Albert Harris, Jr. v. Louie L. Wainwright, Director, Florida Division of Corrections

406 F.2d 1, 1969 U.S. App. LEXIS 9257
CourtCourt of Appeals for the Fifth Circuit
DecidedJanuary 21, 1969
Docket24492
StatusPublished
Cited by8 cases

This text of 406 F.2d 1 (Albert Harris, Jr. v. Louie L. Wainwright, Director, Florida Division of Corrections) is published on Counsel Stack Legal Research, covering Court of Appeals for the Fifth Circuit primary law. Counsel Stack provides free access to over 12 million legal documents including statutes, case law, regulations, and constitutions.

Bluebook
Albert Harris, Jr. v. Louie L. Wainwright, Director, Florida Division of Corrections, 406 F.2d 1, 1969 U.S. App. LEXIS 9257 (5th Cir. 1969).

Opinion

JOHN R. BROWN, Chief Judge:

This is an appeal from the denial by the District Judge of a petition for a writ of habeas corpus. The double-barreled question presented is whether (a) Florida’s arraignment procedure is such a critical stage of the criminal proceeding in a capital ease that (b) the lack of counsel during arraignment establishes a per se violation of constitutional rights without any showing of prejudice. The District Judge answered this in the negative. Ours is more equivocal: (a) it is a critical stage, unless (b) there has been no likelihood of prejudice, but (c) the burden of disproving likelihood of prejudice is on the State. We, therefore, reverse and remand for further proceedings. 1

The facts are simple and may be briefly stated. Petitioner was arrested, indicted, tried and convicted in 1940 for murder in the first degree, for which he received a life sentence. Twice he appeared without counsel and entered a plea of guilty, but neither of these pleas of guilty was used in any way against him. On December 2, 1940 he was formally arraigned again without counsel and changed his plea to not guilty. The Federal District Judge found that Petitioner was indigent and unrepresented by counsel at arraignment, and the State had not offered him counsel prior to, or at, arraignment. The record shows, however, that Petitioner was represented by counsel at trial. No allegation of any specific prejudice arising from the lack of counsel at arraignment was made either in the ha-beas petition, by evidence or argument on the hearing below, or by brief or argument before us.
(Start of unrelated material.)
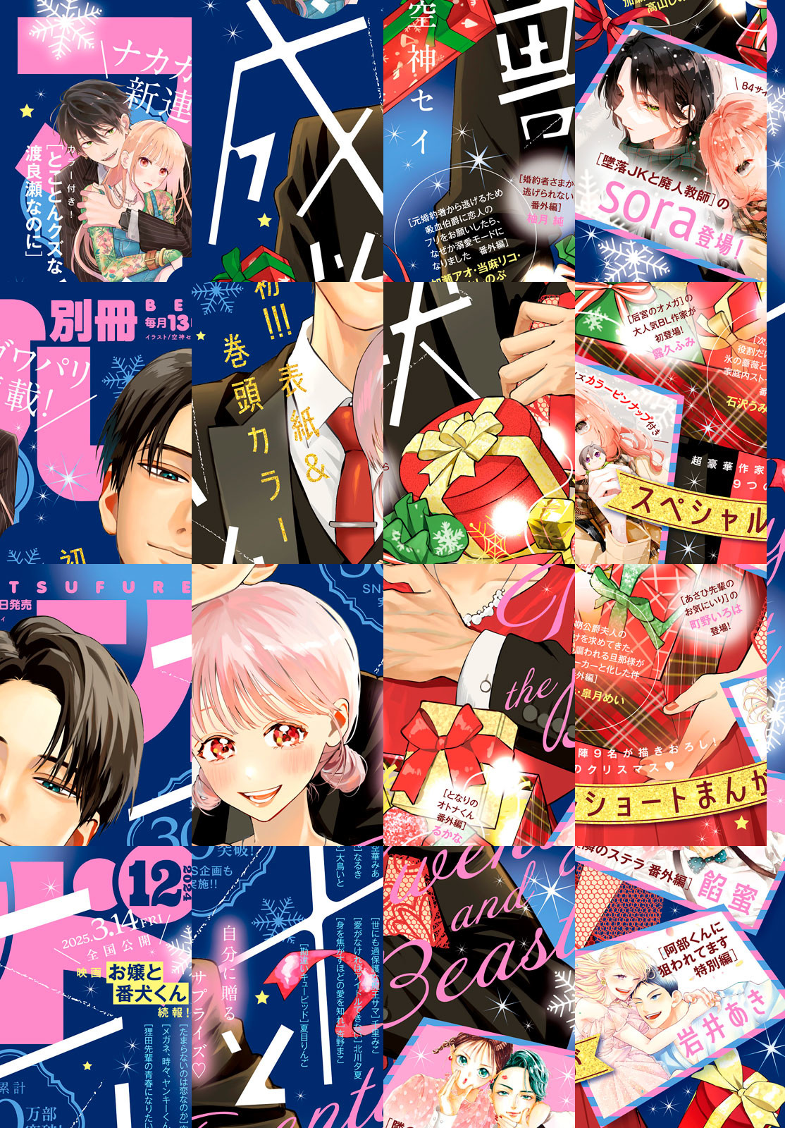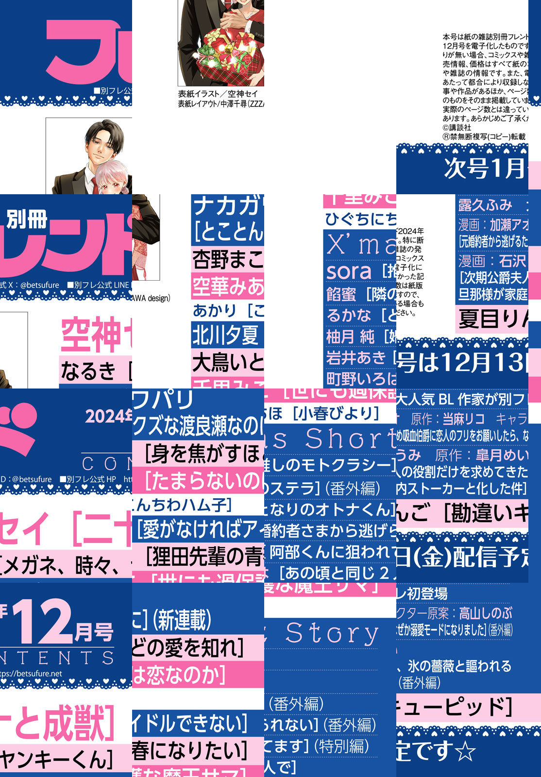 別フレ12月号(2024年)は、いちばんMERRYでメロいクリスマス号★ 早くも累計30万部突破&全巻重版の大快進撃を続ける『二十と成獣』(空神セイ)が初表紙&巻頭カラーを飾ります! 大人の色気にメロメロです♪ 超豪華9名によるクリスマスショートストーリーでは、『隣のステラ』(餡蜜)の番外編や大人気作家・sora先生の新作、別フレ初登場の大人気作家・露久ふみ先生のお話などが読めちゃいます♪ 次に来るメロい男の大本命!! 新連載『とことんクズな渡良瀬なのに』(ナカガワパリ)も見逃せない~★ ※電子版では紙の雑誌と内容が一部異なる場合や、掲載されないページがあります。 ※内容の一部は、2025年2月13日までの閲覧期限となります。

Our consideration of the problem begins with Hamilton v. Alabama, 1961, 368 U.S. 52, 82 S.Ct. 157, 7 L.Ed.2d 114. Charles Hamilton was accused of a capital crime in Alabama. At his arraignment on the charge he was not represented by counsel. He pleaded not guilty but was convicted and sentenced to death after a trial at which he had counsel. The Supreme Court held that arraignment in Alabama was a critical stage of the criminal proceedings because certain defenses, pleas, and motions must be raised at the arraignment, and if not raised then they “may be as irretrievably lost, if not then and there asserted, as they are when an accused represented by counsel waives a right for strategic purposes.” Hamilton v. Alabama, supra, 368 U.S. at 54, 82 S.Ct. at 159, 7 L.Ed.2d at 116. Among those motions that must be made are the defense of insanity, pleas in abatement, and challenges to the composition of the *3 grand jury. The Supreme Court read Alabama law as not allowing further pleas after arraignment “except in the discretion of the trial judge, and his refusal to accept it is 'not revisable’ on appeal.” 368 U.S. at 53, 82 S.Ct. at 158, 7 L.Ed.2d at 116. 2 The Court held that when one “pleads to a capital charge without benefit of counsel, we do not stop to determine whether prejudice resulted. * * * [T]he degree of prejudice can never be known. Only the presence of counsel could have enabled this accused to know all the defenses available to him and to plead intelligently.” 368 U.S. at 55, 82 S.Ct. at 159, 7 L.Ed.2d at 117.

The Supreme Court next considered this peculiar critical stage problem in White v. Maryland, 1963, 373 U.S. 59, 83 S.Ct. 1050, 10 L.Ed.2d 193. In that case White pleaded guilty to a capital offense at Maryland’s preliminary hearing. He was not represented by counsel at that time. After obtaining counsel, White changed his plea at arraignment to “not guilty” and “not guilty by reason of insanity.” At trial, however, the guilty plea made earlier was introduced into evidence. The Court held that this series of events turned the Maryland preliminary hearing into as critical a stage in the proceedings as arraignment in Alabama and that White’s right to counsel had been violated.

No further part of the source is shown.